La rivière peut être menue et d’une eau limpide, usant sempiternellement les galets de son lit ; elle peut être large, lente, rouler des eaux profondes entre ses berges vertes ou ses roselières mystérieuses ; son lit peut être encombré de bancs de sable blond, d’ilôts de limon fertiles, encombrés d’une végétation sauvage ...
Comme en amitié, l’ancienneté donne une valeur ajoutée aux choses, et si j’ai une vraie affection pour toutes les rivières, il en est une à laquelle je suis attaché : Elle s’appelle la Saône. Large et majestueuse à l’endroit de son cours où je l’ai connue, ne mériterait-elle pas l’appellation de fleuve, ma Saône ?
Je l’ai côtoyée dans ma petite enfance ... en 1943. Ma mémoire souvent infidèle est ici d’une précision totale. Je revois le calendrier au mur du bureau de l’établissement où travaillaient mon grand père et je pense ma tante. 1943 écrit en caractères rouges.

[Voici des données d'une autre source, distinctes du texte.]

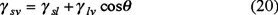 El ángulo de contacto θ para el mojado, se forma por el efecto de las tres tensiones interfaciales entre el sólido, el líquido y el gas, de acuerdo con la ecuación de Young: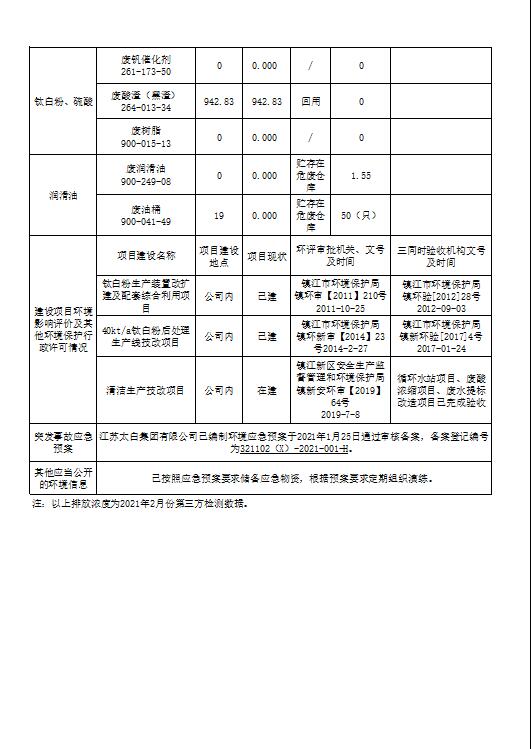 江苏太白集团有限公司环境信息公开表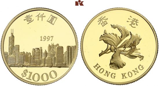 "HONG KONG, Elizabeth II, 1952-1997. 1.000 Dollars 1997, auf die Rückgabe Hong Kongs an China. Stadtansicht von Hong Kong. 14,65 g Feingold. GOLD. NGC mit der Bewertung PF 69 ULTRA CAMEO, Polierte Platte. (Hong Kong, Elizabeth II, 1952-97, one thousand dollars of 1977, on the return of Hong Kong to China. Obverse: city view. NGC PF-69 ULTRA CAMEO, proof.)"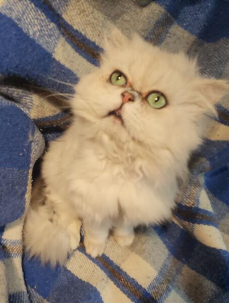 message cuddleee about this ad White chinchilla Persian male cat Almost 4 years old Very affectionate loving and vocal. Would be best as the only cat |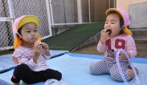 0歳児のみんなも、園外保育の雰囲気を味わい、テラスで食べてみました✧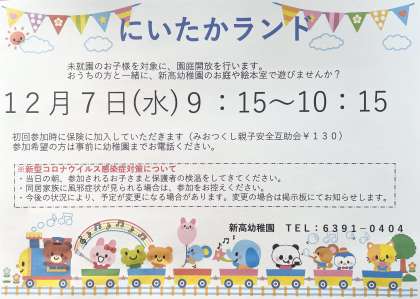 未就園児を対象に園庭開放『にいたかランド』を行います。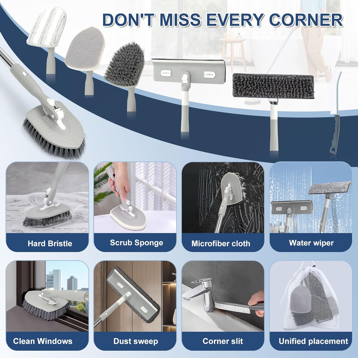 Tile Tub Floor Cleaner Scrubber With Long Handle - 5-in-1 Shower Brush Set for Bathroom, Kitchen, Walls, Sink - Includes Window Scraper and 3 Detachable No Scratch Heads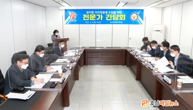 À̳¯ °£´ãȸ¿¡´Â ÀÌÈ«ÀÏ ±¤ÁÖ½ÃÀÇȸ ÇàÁ¤ÀÚÄ¡À§¿øÀå, ±â¿ì½Ä Âü¿©ÀÚÄ¡21 »ç¹«Ã³Àå, ¿ÀÁÖ¼· ±¤ÁÖ°æ½Ç·Ã »ç¹«Ã³Àå, Á¶¸¸Çü µ¿½Å´ë °æÂûÇàÁ¤Çаú ±³¼ö, ÀÌÈÆ Á¶¼±´ë °æÂûÇàÁ¤Çаú ±³¼ö, ±èö¿ø ±¤ÁÖMBC ±âÀÚ µî Áö¿ª»çȸ ºÐ¾ßº° Àü¹®°¡µéÀÌ Âü¼®ÇØ ÀÚÄ¡°æÂûÁ¦ µµÀÔ ¹× ÀÚÄ¡°æÂûÀ§¿øÈ¸ ±¸¼º¹æ¾È¿¡ ´ëÇÑ ´Ù¾çÇÑ ÀǰßÀ» ³ª´³´Ù.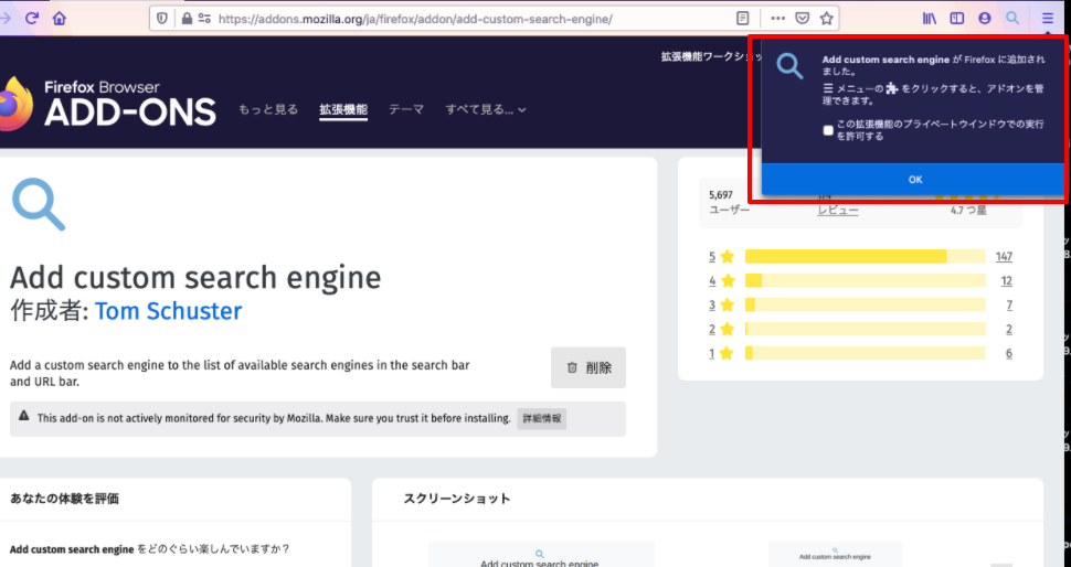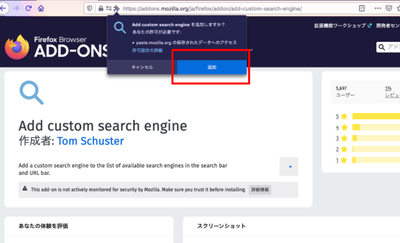「Add custom search engineを追加しますか?」という質問に対して、「追加」をクリックします。

La guerre m’avait poussé là ; mes parents résidaient en zone occupée et la petite ville de Tournus où étaient établis mes grands-parents en zone libre, je pense que je dois à cet aléa de l’histoire d’avoir séjourné à Tournus, dans ma petite enfance. Mais à cinq ans, personne n'a conscience des événements qui nous entourent. C'était la guerre et je ne le savais pas !
Et me remontent en vagues des souvenirs menus ... la cave «Gravallon», commerce de vin, avec ses tonneaux de belle taille, le passage Cadot où avec des gamins, nous accompagnions une vieille mendiante de ce méchant refrain (c’est la mère Sipette, qui pue et qui pète, qui prend son c.. pour une trompette !). Je le sais, le compositeur de ce couplet ne passera pas à la postérité sans doute !
En cette année 1943, une passerelle provisoire enjambait la rivière ; l’hiver, particulièrement rigoureux avait gelé son eau et, le printemps venu, j’avais assisté à ce spectacle inédit de la débâcle des glaces sur un fleuve, dans un fracas que j’ai mémorisé. La Saône s’était prise un temps pour la Néva !
Et je pêchais l’ablette au déversoir des égouts de la ville, ou bien l’écrevisse cachée sous les pierres du rivage, à l'aide d'une épuisette ... Les enfants de ma génération avons eu une liberté que n'ont pas connue, ni mes enfants, ni mes petits enfants ... je pense qu'aujourd'hui, on ne laisserait plus un gamin de cinq ans seul au bord d'une rivière !
Curieusement je n’ai aucun souvenir de l’école de Tournus, que pourtant j’ai dû fréquenter un temps. J’ai l’excuse d’avoir usé de plus d’écoles que le nombre d’années d’une scolarité pleine !
C’est toujours avec plaisir qu’aujourd’hui encore, presque soixante-quinze ans après, je fais un petit crochet pour m’arrêter un instant à Tournus, sur les quais de la Saône. Sans doute, la ville a-t-elle changé, mais ma rivière coule toujours, indifférente au temps qui passe, et roulent ses eaux sous les arches du pont neuf, pour une éternité.
J’aime encore cet endroit, les quais ombragés de vieux platanes et la rue, pour moi, a conservé son âme.
Les quais ombragés de la Saône à Tournus.

Le passage Cadot dont il est question plus haut. Il s'agit d'un passage couvert qui mettait en relation les quais de la Saône et la rue commerçante de Tournus.